Data block section start

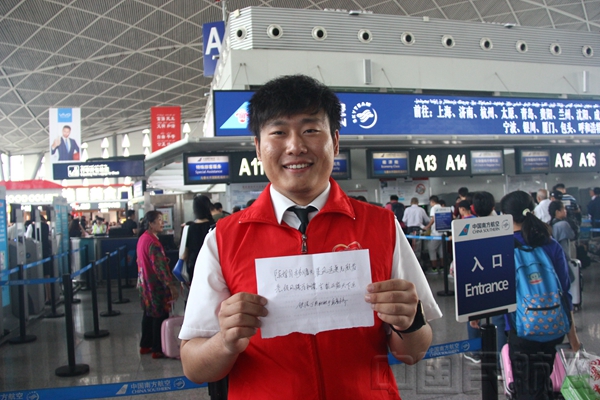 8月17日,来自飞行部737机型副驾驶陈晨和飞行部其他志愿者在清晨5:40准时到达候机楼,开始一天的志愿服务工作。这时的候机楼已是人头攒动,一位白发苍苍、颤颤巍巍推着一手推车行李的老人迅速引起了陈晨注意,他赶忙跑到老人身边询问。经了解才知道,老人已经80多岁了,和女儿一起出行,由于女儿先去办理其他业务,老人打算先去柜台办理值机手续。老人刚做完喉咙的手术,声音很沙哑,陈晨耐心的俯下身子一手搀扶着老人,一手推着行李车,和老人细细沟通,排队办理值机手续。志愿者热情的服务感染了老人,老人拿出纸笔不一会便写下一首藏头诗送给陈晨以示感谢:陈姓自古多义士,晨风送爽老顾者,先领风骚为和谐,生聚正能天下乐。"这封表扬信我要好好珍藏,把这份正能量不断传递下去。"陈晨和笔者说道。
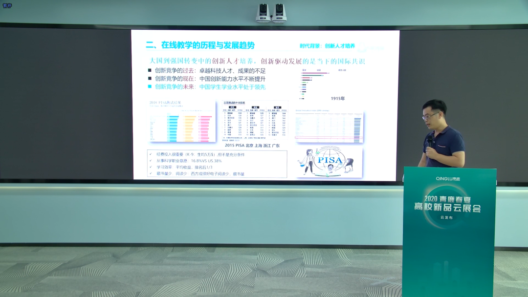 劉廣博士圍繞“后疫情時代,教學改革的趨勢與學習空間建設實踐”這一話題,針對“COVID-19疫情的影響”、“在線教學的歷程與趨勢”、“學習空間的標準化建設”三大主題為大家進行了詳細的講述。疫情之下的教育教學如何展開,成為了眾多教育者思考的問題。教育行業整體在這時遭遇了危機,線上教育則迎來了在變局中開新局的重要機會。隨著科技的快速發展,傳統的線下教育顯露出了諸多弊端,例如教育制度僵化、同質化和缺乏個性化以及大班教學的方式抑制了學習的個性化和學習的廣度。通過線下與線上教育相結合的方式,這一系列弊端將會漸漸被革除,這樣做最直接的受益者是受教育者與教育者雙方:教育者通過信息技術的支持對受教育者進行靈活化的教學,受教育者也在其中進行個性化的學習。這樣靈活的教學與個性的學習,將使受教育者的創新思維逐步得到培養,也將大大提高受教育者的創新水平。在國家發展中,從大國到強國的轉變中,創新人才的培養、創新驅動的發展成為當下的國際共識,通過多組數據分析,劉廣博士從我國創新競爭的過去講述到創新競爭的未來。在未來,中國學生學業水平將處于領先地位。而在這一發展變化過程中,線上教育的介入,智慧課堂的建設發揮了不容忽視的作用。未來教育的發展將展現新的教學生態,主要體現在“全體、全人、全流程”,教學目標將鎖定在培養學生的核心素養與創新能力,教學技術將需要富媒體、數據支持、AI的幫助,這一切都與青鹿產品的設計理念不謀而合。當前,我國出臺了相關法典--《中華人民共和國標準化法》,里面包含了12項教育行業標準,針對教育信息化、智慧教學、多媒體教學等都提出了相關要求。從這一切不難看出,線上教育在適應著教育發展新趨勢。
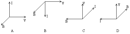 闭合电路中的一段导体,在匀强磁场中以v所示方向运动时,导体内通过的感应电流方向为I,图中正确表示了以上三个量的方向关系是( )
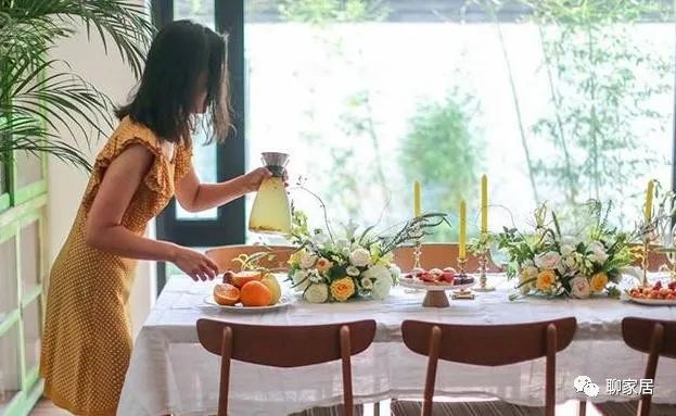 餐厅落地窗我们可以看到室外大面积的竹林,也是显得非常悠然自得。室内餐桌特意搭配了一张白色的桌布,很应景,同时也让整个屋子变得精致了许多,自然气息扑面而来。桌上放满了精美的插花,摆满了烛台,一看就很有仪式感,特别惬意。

Data block section end

◆ **Your assignment**: Write the material out again exactly. Skip each picture.

◆ **Solution to the problem**:
 8月17日,来自飞行部737机型副驾驶陈晨和飞行部其他志愿者在清晨5:40准时到达候机楼,开始一天的志愿服务工作。这时的候机楼已是人头攒动,一位白发苍苍、颤颤巍巍推着一手推车行李的老人迅速引起了陈晨注意,他赶忙跑到老人身边询问。经了解才知道,老人已经80多岁了,和女儿一起出行,由于女儿先去办理其他业务,老人打算先去柜台办理值机手续。老人刚做完喉咙的手术,声音很沙哑,陈晨耐心的俯下身子一手搀扶着老人,一手推着行李车,和老人细细沟通,排队办理值机手续。志愿者热情的服务感染了老人,老人拿出纸笔不一会便写下一首藏头诗送给陈晨以示感谢:陈姓自古多义士,晨风送爽老顾者,先领风骚为和谐,生聚正能天下乐。"这封表扬信我要好好珍藏,把这份正能量不断传递下去。"陈晨和笔者说道。
 劉廣博士圍繞“后疫情時代,教學改革的趨勢與學習空間建設實踐”這一話題,針對“COVID-19疫情的影響”、“在線教學的歷程與趨勢”、“學習空間的標準化建設”三大主題為大家進行了詳細的講述。疫情之下的教育教學如何展開,成為了眾多教育者思考的問題。教育行業整體在這時遭遇了危機,線上教育則迎來了在變局中開新局的重要機會。隨著科技的快速發展,傳統的線下教育顯露出了諸多弊端,例如教育制度僵化、同質化和缺乏個性化以及大班教學的方式抑制了學習的個性化和學習的廣度。通過線下與線上教育相結合的方式,這一系列弊端將會漸漸被革除,這樣做最直接的受益者是受教育者與教育者雙方:教育者通過信息技術的支持對受教育者進行靈活化的教學,受教育者也在其中進行個性化的學習。這樣靈活的教學與個性的學習,將使受教育者的創新思維逐步得到培養,也將大大提高受教育者的創新水平。在國家發展中,從大國到強國的轉變中,創新人才的培養、創新驅動的發展成為當下的國際共識,通過多組數據分析,劉廣博士從我國創新競爭的過去講述到創新競爭的未來。在未來,中國學生學業水平將處于領先地位。而在這一發展變化過程中,線上教育的介入,智慧課堂的建設發揮了不容忽視的作用。未來教育的發展將展現新的教學生態,主要體現在“全體、全人、全流程”,教學目標將鎖定在培養學生的核心素養與創新能力,教學技術將需要富媒體、數據支持、AI的幫助,這一切都與青鹿產品的設計理念不謀而合。當前,我國出臺了相關法典--《中華人民共和國標準化法》,里面包含了12項教育行業標準,針對教育信息化、智慧教學、多媒體教學等都提出了相關要求。從這一切不難看出,線上教育在適應著教育發展新趨勢。
 闭合电路中的一段导体,在匀强磁场中以v所示方向运动时,导体内通过的感应电流方向为I,图中正确表示了以上三个量的方向关系是( )
 餐厅落地窗我们可以看到室外大面积的竹林,也是显得非常悠然自得。室内餐桌特意搭配了一张白色的桌布,很应景,同时也让整个屋子变得精致了许多,自然气息扑面而来。桌上放满了精美的插花,摆满了烛台,一看就很有仪式感,特别惬意。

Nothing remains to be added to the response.